## WORK INSTRUCTIONS
When you copy the listing, skip the images and return each line verbatim.

## DATA BLOCK
******************************

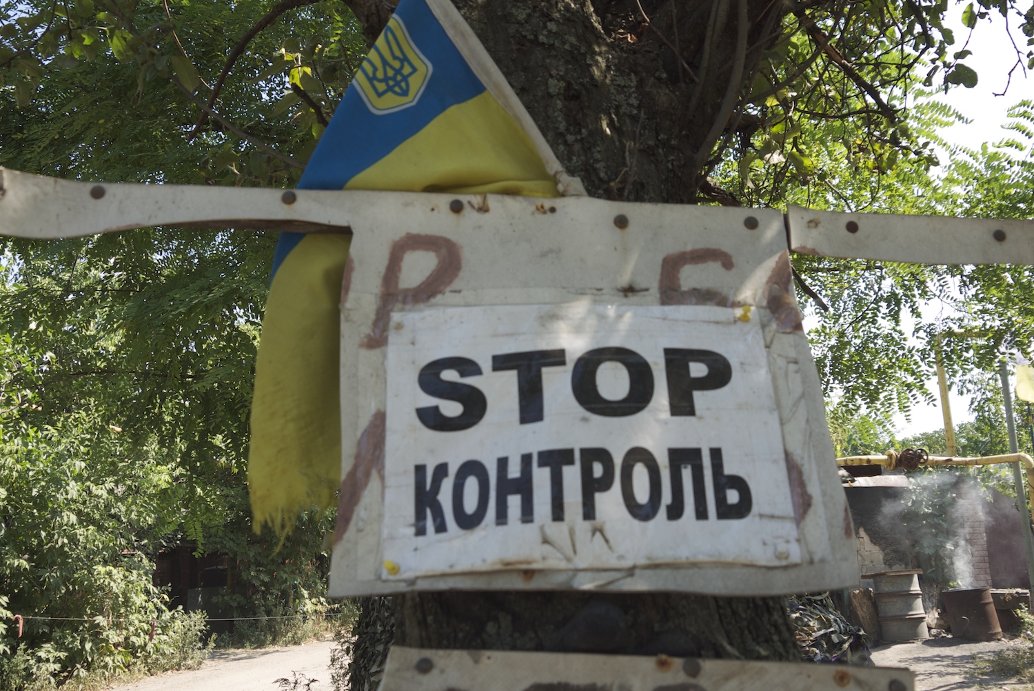 На блок-посту "Республіка Міст" ранком відносно тихо, проте бійці показують воронки від обстрілів і розповідають про постійну ворожу розвідку безпілотниками. Кажуть, що за останній час не було жодного вечора, щоб не прилетів від терористів дрон.
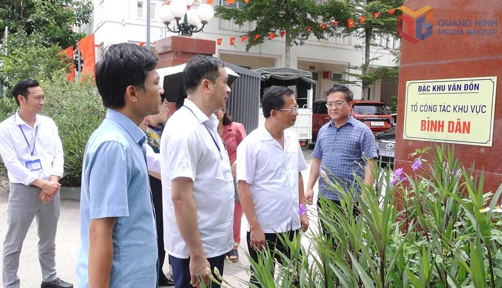 Đồng chí Cao Tường Huy, Phó Chủ tịch UBND tỉnh kiểm tra cơ sở vật chất tại Tổ công tác khu vực Bình Dân (đặc khu Vân Đồn).
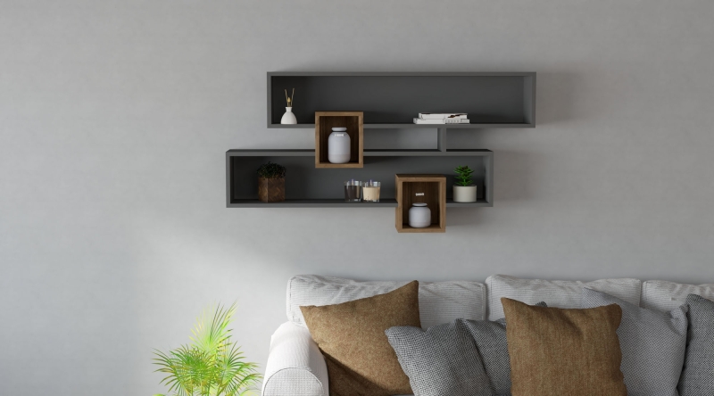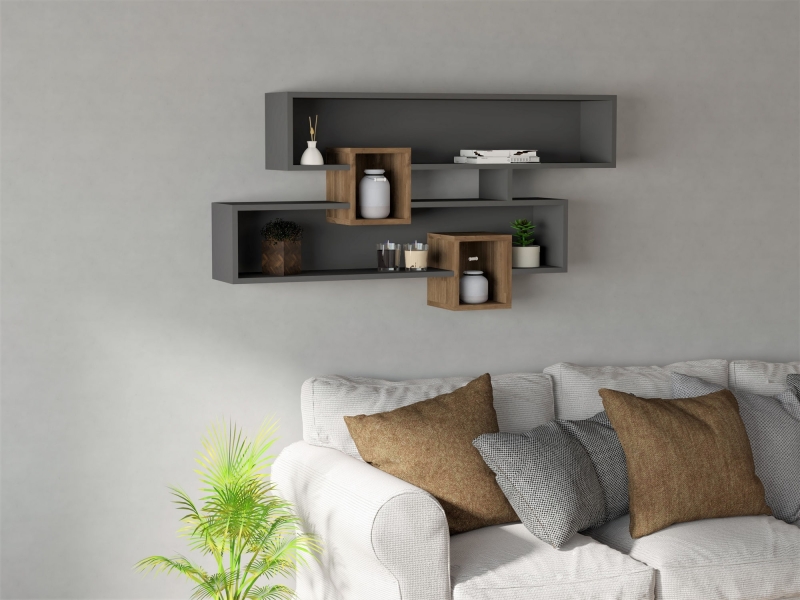 Nástenná polica kombinuje geometrické tvary štvorcov a obdĺžnikov v originálnom dizajne s dôrazom na maximalizáciu priestoru. Vďaka jemným farbám možno poličku zavesiť na stenu v akejkoľvek miestnosti.

******************************

## EXERCISE ANSWER
 На блок-посту "Республіка Міст" ранком відносно тихо, проте бійці показують воронки від обстрілів і розповідають про постійну ворожу розвідку безпілотниками. Кажуть, що за останній час не було жодного вечора, щоб не прилетів від терористів дрон.
 Đồng chí Cao Tường Huy, Phó Chủ tịch UBND tỉnh kiểm tra cơ sở vật chất tại Tổ công tác khu vực Bình Dân (đặc khu Vân Đồn).
 Nástenná polica kombinuje geometrické tvary štvorcov a obdĺžnikov v originálnom dizajne s dôrazom na maximalizáciu priestoru. Vďaka jemným farbám možno poličku zavesiť na stenu v akejkoľvek miestnosti.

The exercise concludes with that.